Nothing but the lines below from the first through the one with "A counted cross" should appear, printed exactly; please leave pictures out.

Excerpts from a dataset:
%%

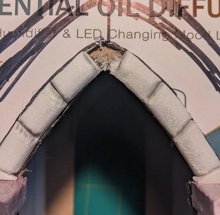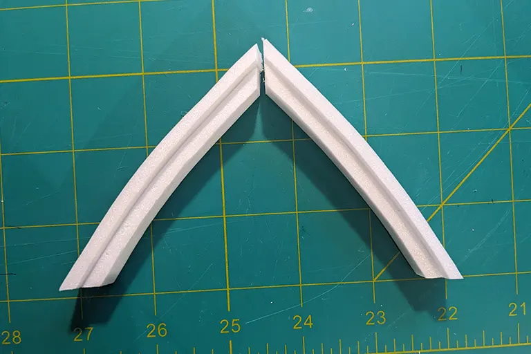 This step was pretty tricky to do as angles needed to be correctly cut to ensure a proper fit at either end. This did result in me applying too much glue while holding ends together and slightly melting the foam in the proecss.
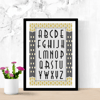 A counted cross stitch pattern featuring an alphabet of Art Deco style letters framed by an Art Deco geometric border in black and gold.
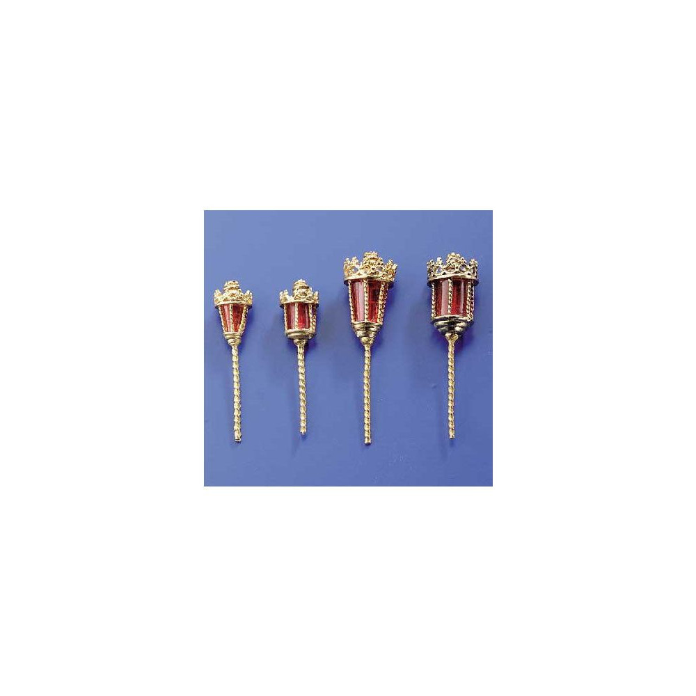 Mock-up tartozékok Krick hajómodellekhez: történelmi lámpa másolata, kúpos lámpa, lámpa magassága 22mm, átmérője 12mm, teljes magassága 54mm. Teljesen összeszerelve, a betét átlátszó piros műanyagból, a keret aranyszínű fémből készült. Nem lehet megvilágítani.
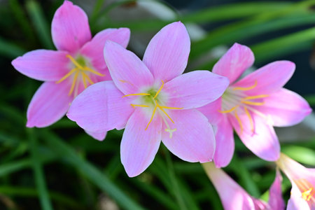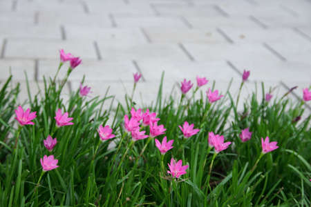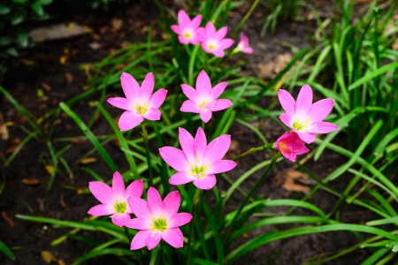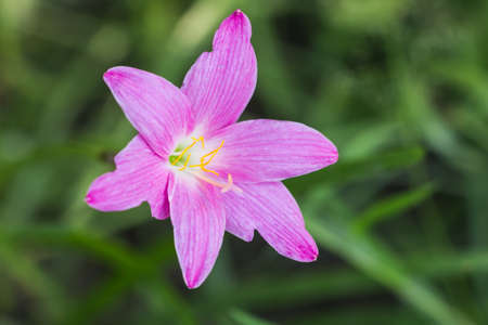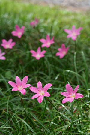 Pink Zephyranthes Lily flower in a garden.
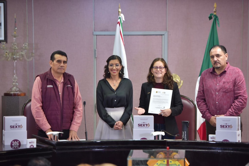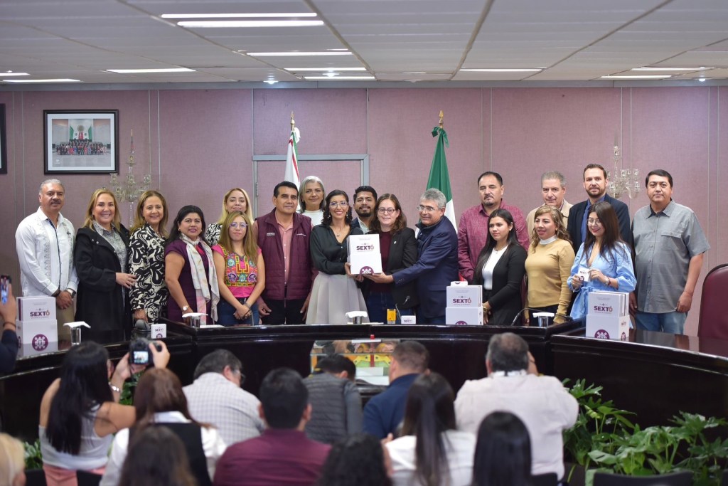 Xalapa, Ver., 15 de noviembre de 2024.- La LXVII Legislatura, por conducto de la presidenta y del secretario de la Mesa Directiva, diputada Tanya Carola Viveros Cházaro y Felipe Pineda Barradas, respectivamente, así como por el presidente de la Junta de Coordinación Política (Jucopo), diputado Esteban Bautista Hernández, recibió de la titular de la Oficina de Programa de Gobierno, Waltraud Martínez Olvera, el VI Informe de Gobierno de la administración del ingeniero Cuitláhuac García Jiménez.
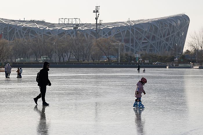 12月9日,市民在北京奥林匹克公园体验冰上运动。南美侨报网特约记者王楠摄
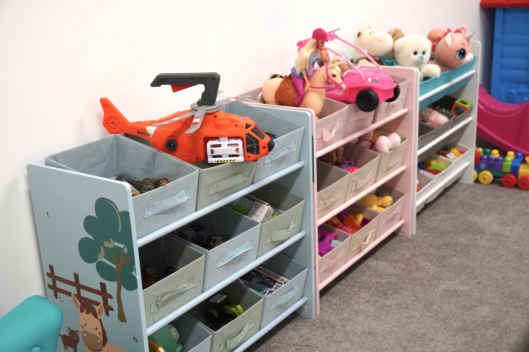 a fiúkat pedig Matchbox autók, Jurassic World és Minecraft figurák hívják játékra!
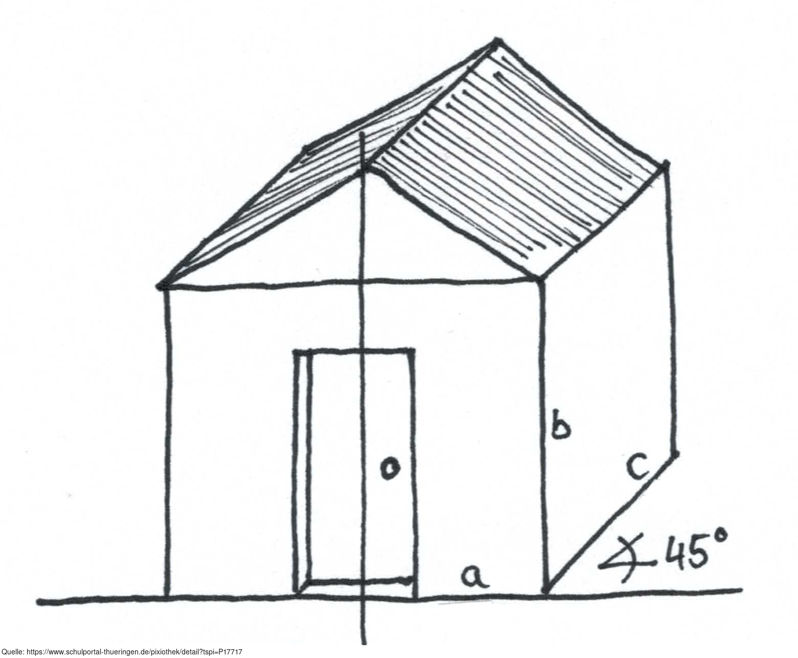 Das Bild gehört zur Serie "Projektionsarten". Es zeigt die Kavalierprojektion am Beispiel eines Gebäudes. Es gelten die Nutzungsbedingungen der Mediothek und Pixiothek.
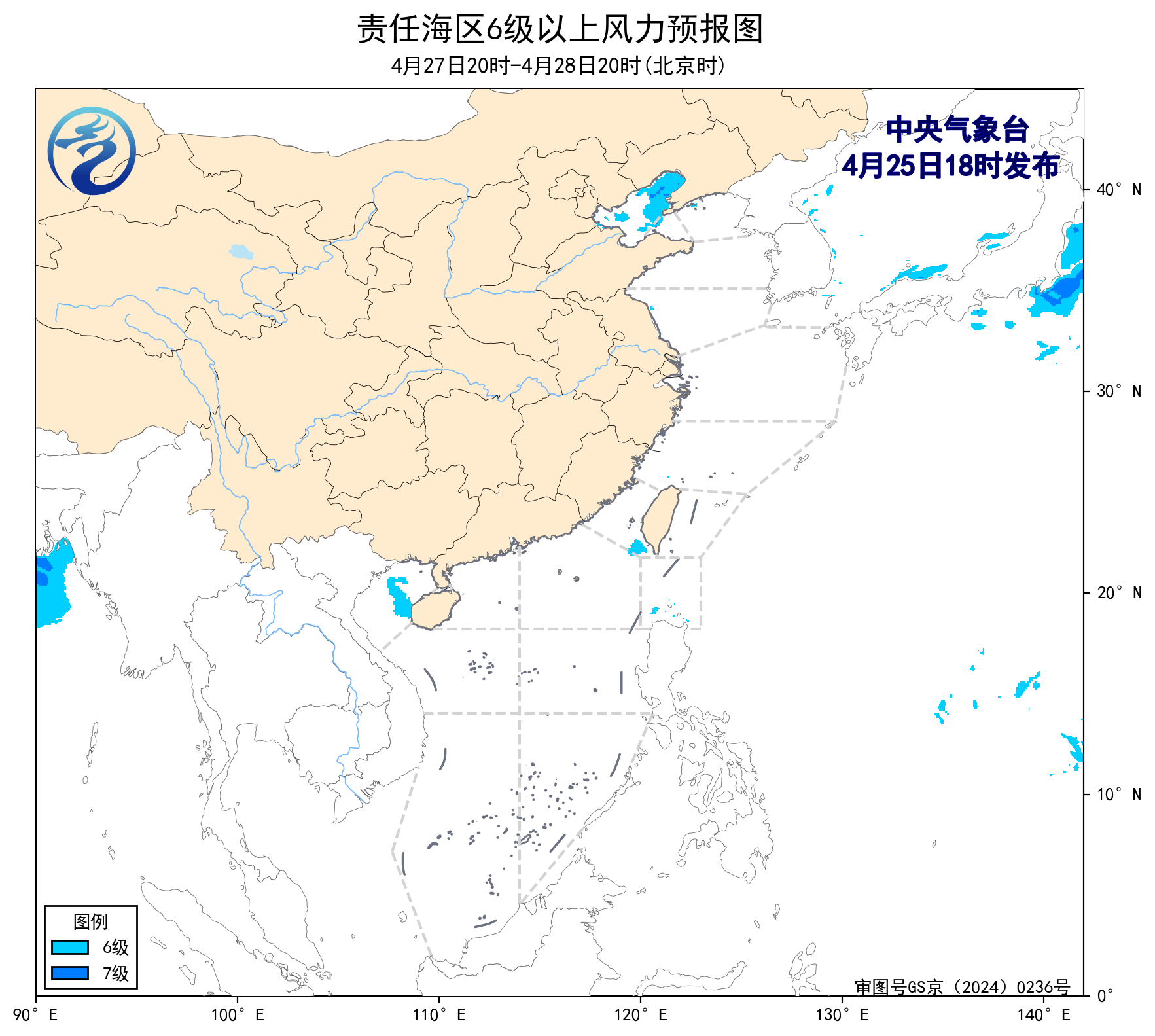 预计,4月28日夜间至5月2日白天,渤海将有5~6级、阵风7级的风,东海大部海域将有8~9级、阵风10级减弱至6~7级、阵风8级的风,台湾海峡将有7~8级、阵风9级的大风,台湾以东洋面将有6~8级、阵风9级的大风,巴士海峡、北部湾、南海西北部海域、南海东北部海域、南海中西部海域、南海中东部海域将有6~7级、阵风8级的风。
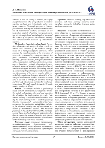 Проблема исследования и обоснование ее актуальности. Проблема исследования и обоснование ее актуальности. Актуальность разработки концепции повышения квалификации и самообразовательной деятельности учителей математики с использованием веб-ориентированных ресурсов обусловлена запросом общества в высококвалифицированных педагогах, владеющих современными методами и технологиями обучения с использованием веб-ориентированных ресурсов. В статье предложена Концепция повышения квалификации и самообразовательной деятельности учителей математики, разработанная на основе анализа существующих концепций обучения, теоретико-методологической основы и сущности процесса повышения квалификации и самообразовательной деятельности учителей математики. Методология (материалы и методы). В статье обоснована необходимость разработки, раскрыто содержание и структура авторской концепции, базирующейся на полипарадигмальном подходе, предполагающим взаимодополнения положений синергетического, системно-деятельностного, компетентностного, логистического, коннективиского, инструментального подходов в обучении, общедидактических принципов (фундаментальности, гуманизации и гуманитаризации, партисипативности, фундирования, оптимальной информационной насыщенности, опережающего характера обучения) и методических условий цифровой дидактики. Ведущим методом исследования представленной в статье проблемы, являлся анализ результатов анкетирования, который позволил выявить вывод, что более 80% опрошенных учителей математики считают необходимым разработку концепции повышения квалификации и их самообразовательной деятельности учителей математики. Выборка исследования включала 278 учителей математики г. Минска. Результаты. Концепция включает блок целеполагания, содержательный, прикладной и диагностический блоки. В статье обоснована необходимость и описан алгоритм реализации цикла «обучение на повышении квалификации - самообразовательная деятельность в межкурсовой период - консультирование в межкурсовой период - обучение на повышении квалификации» как механизм построения индивидуальной траектории повышения квалификации и самообразовательной деятельности учителей математики. Представленные в статье материалы являются научно-педагогическим основанием разработки и апробации дидактической системы повышения квалификации и активизации самообразовательной деятельности учителей математики с использованием веб-ориентированных ресурсов.

%%

**Exercise response:**
 This step was pretty tricky to do as angles needed to be correctly cut to ensure a proper fit at either end. This did result in me applying too much glue while holding ends together and slightly melting the foam in the proecss.
 A counted cross stitch pattern featuring an alphabet of Art Deco style letters framed by an Art Deco geometric border in black and gold.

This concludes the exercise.